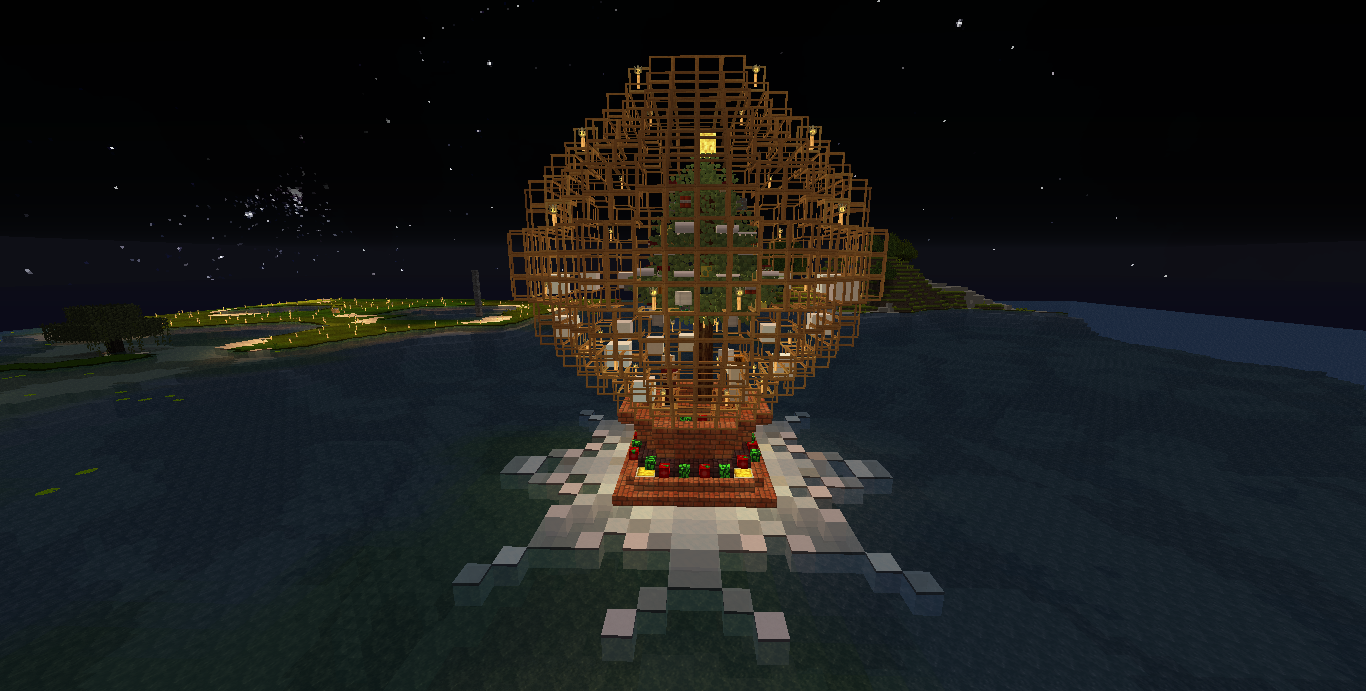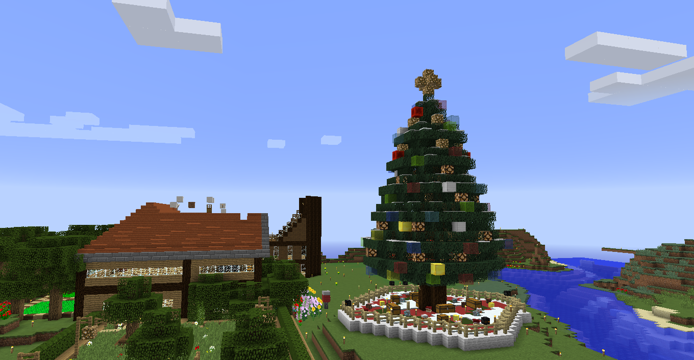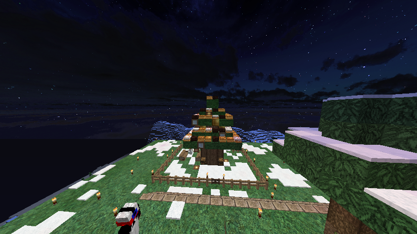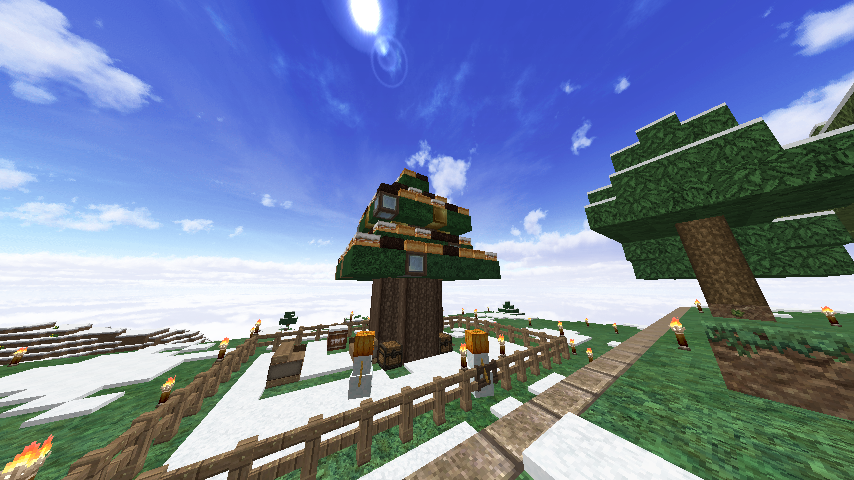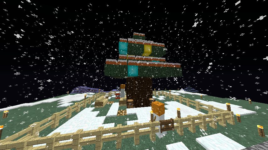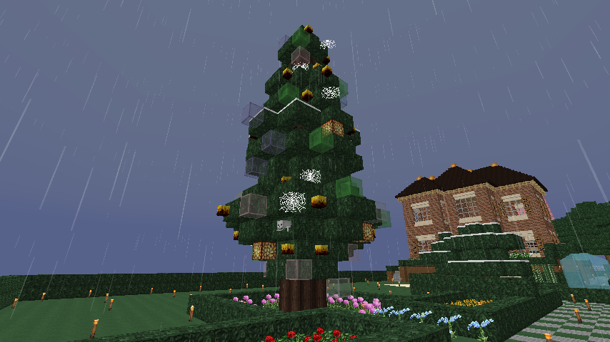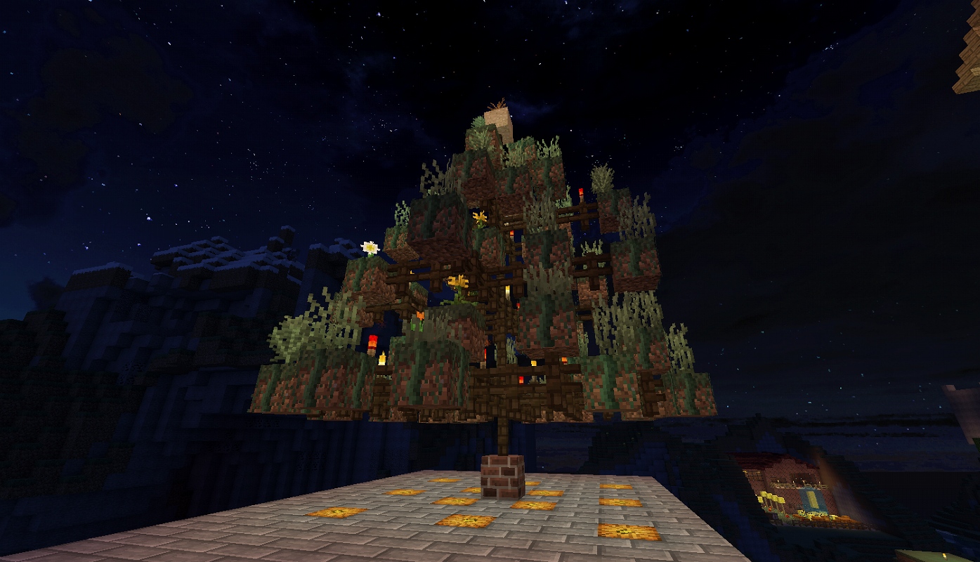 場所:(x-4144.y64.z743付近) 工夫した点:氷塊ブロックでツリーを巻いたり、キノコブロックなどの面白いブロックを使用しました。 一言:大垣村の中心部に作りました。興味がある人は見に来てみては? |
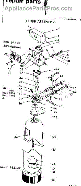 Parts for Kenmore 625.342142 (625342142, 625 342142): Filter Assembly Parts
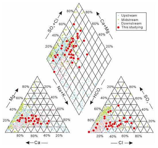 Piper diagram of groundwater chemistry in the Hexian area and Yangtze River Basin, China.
==============================
Produce a verbatim transcription of every line in the listing, images omitted.

=== TASK ANSWER ===
 場所:(x-4144.y64.z743付近) 工夫した点:氷塊ブロックでツリーを巻いたり、キノコブロックなどの面白いブロックを使用しました。 一言:大垣村の中心部に作りました。興味がある人は見に来てみては? |
 Parts for Kenmore 625.342142 (625342142, 625 342142): Filter Assembly Parts
 Piper diagram of groundwater chemistry in the Hexian area and Yangtze River Basin, China.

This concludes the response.